In otorhinolaryngology: Prophylaxis and control of bleeding during tonsillectomy and other ENT surgeries; management of epistaxis.

In stomatology: Prevention and treatment of bleeding during maxillofacial surgeries and dental extractions.

In oncology (supportive therapy): To promote fibrin capsule formation around tumors, thereby limiting tumor growth; to reduce ascites related to carcinoma; and to minimize bleeding during surgical procedures.

This preparation contains tranexamic acid (trans-4-aminomethyl-cyclohexanecarboxylic acid). Tranexamic acid is a potent antifibrinolytic agent, showing significantly higher activity compared to conventional hemostatics in both in vivo and in vitro conditions. Its antihemorrhagic effect is mainly due to inhibition of plasminogen activation by both exogenous activators (such as streptokinase) and endogenous activators (such as urokinase and tissue plasminogen activator). This mechanism makes tranexamic acid effective in controlling bleeding under various clinical conditions.

Tranexamic acid has very low acute toxicity and minimal chronic toxicity. It is well absorbed when taken orally, with effects observed within 15–30 minutes. It is primarily excreted through the kidneys, although at a slower rate than conventional hemostatic agents, resulting in a longer duration of action. Therefore, lower doses can be administered at longer intervals without significant reduction in antifibrinolytic activity between doses.

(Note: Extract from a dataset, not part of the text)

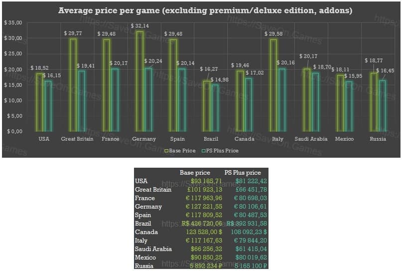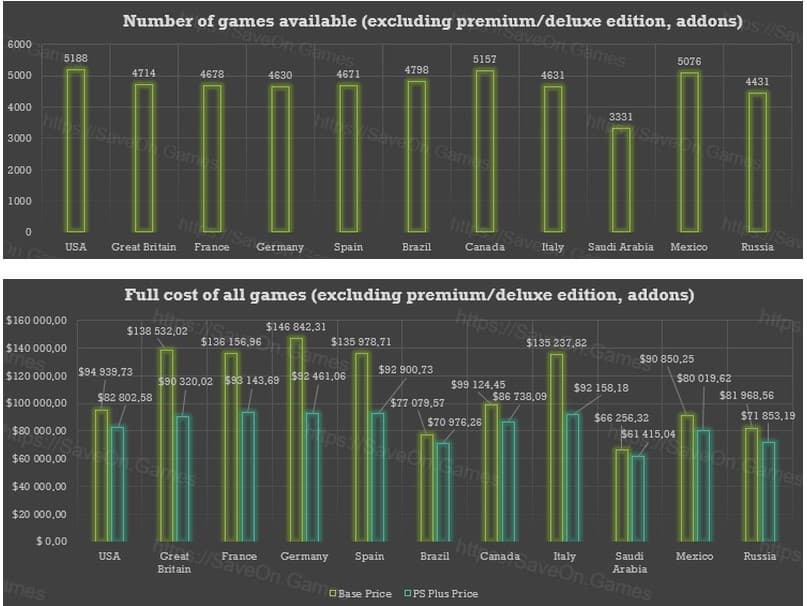 «У меня есть скрипты, которые каждый день собирают цены из PlayStation Store, и я хотел узнать — сколько стоит купить все игры для PS4 в PlayStation Store? Из статистики я исключил все дополнения, премиум-издания, карты, игровые пропуска, игры, имеющие статус предзаказа, и многое другое. Цены рассчитываются в двух колонках. Первая колонка — базовая цена со скидкой, вторая — цена со скидкой при наличии подписки PS Plus. Собранные данные отражают цены только по состоянию на 13 октября, но рисуют конкретную картину, когда речь идет о ценах на все релизы PS4».

At therapeutic doses, tranexamic acid does not interfere with normal clotting processes, and even with prolonged use, it has not been associated with an increased risk of thrombophilia.

Adults:

• Usual dose: 500–1000 mg three times daily.
• For prophylaxis: The average recommended daily dose is 0.5–1 g orally, or 500 mg via parenteral route (intravenous or intramuscular).
• For treatment of hemorrhagic conditions: The oral dose may be increased to 1–3 g daily in divided doses. In severe or urgent cases, begin with a slow intravenous injection of one ampoule (500 mg), followed by appropriate oral doses.

Children:

• For prophylaxis: 5–10 mg/kg body weight daily, given orally in divided doses.
• For therapeutic use: Oral doses may be increased to 10–20 mg/kg. Intravenous or intramuscular treatment may be started at 10 mg/kg (0.5 mL/5 kg) via slow IV injection, followed by oral dosing as required. In certain cases (e.g., infants), diluted ampoules may be administered orally instead of capsules.

Elderly: No dosage adjustment is required unless there is evidence of renal impairment.

Known hypersensitivity to the product. Thromboembolic disorders, including arterial and venous thrombosis, intracavitary hemorrhage, and severe renal impairment.

• Tranexamic Acid is generally well tolerated; however, occasional symptoms such as fatigue, conjunctival irritation, nasal congestion, itching, skin redness, and rashes may occur.
• After oral use, gastrointestinal symptoms like nausea, diarrhea, and gastric discomfort (heartburn) may be observed.
• Rare cases of postural hypotension have been reported.
• If hypersensitivity to tranexamic acid occurs, discontinue or suspend treatment and initiate appropriate therapy.

As the drug can cross the placenta and its effects on the fetus are not fully known, Tranexamic Acid should generally be avoided during known or suspected pregnancy. Tranexamic Acid is excreted into breast milk at approximately one hundredth of the maternal blood concentration. An antifibrinolytic effect in the breastfed infant is unlikely.

• Tranexamic Acid should be used in conditions associated with hyperfibrinolysis. Prophylactic treatment should be started 24 hours before surgery and continued for 3–4 days afterward.
• Treatment of hemorrhage should be continued for at least 24 hours after bleeding has stopped.
• In cases of hematuria, especially when not associated with other bleeding disorders, the dose should be reduced to avoid clot formation in the urinary tract.
• Tranexamic Acid is contraindicated in severe renal impairment or anuria and should be used cautiously in mild to moderate renal dysfunction.
• Special caution is required in patients with cardiac or hepatic disease.

Anti-fibrinolytic drugs,Hemostatic drugs (medicines that control bleeding)

Store in a dry place at 15–30°C, protected from light. Keep out of the reach of children.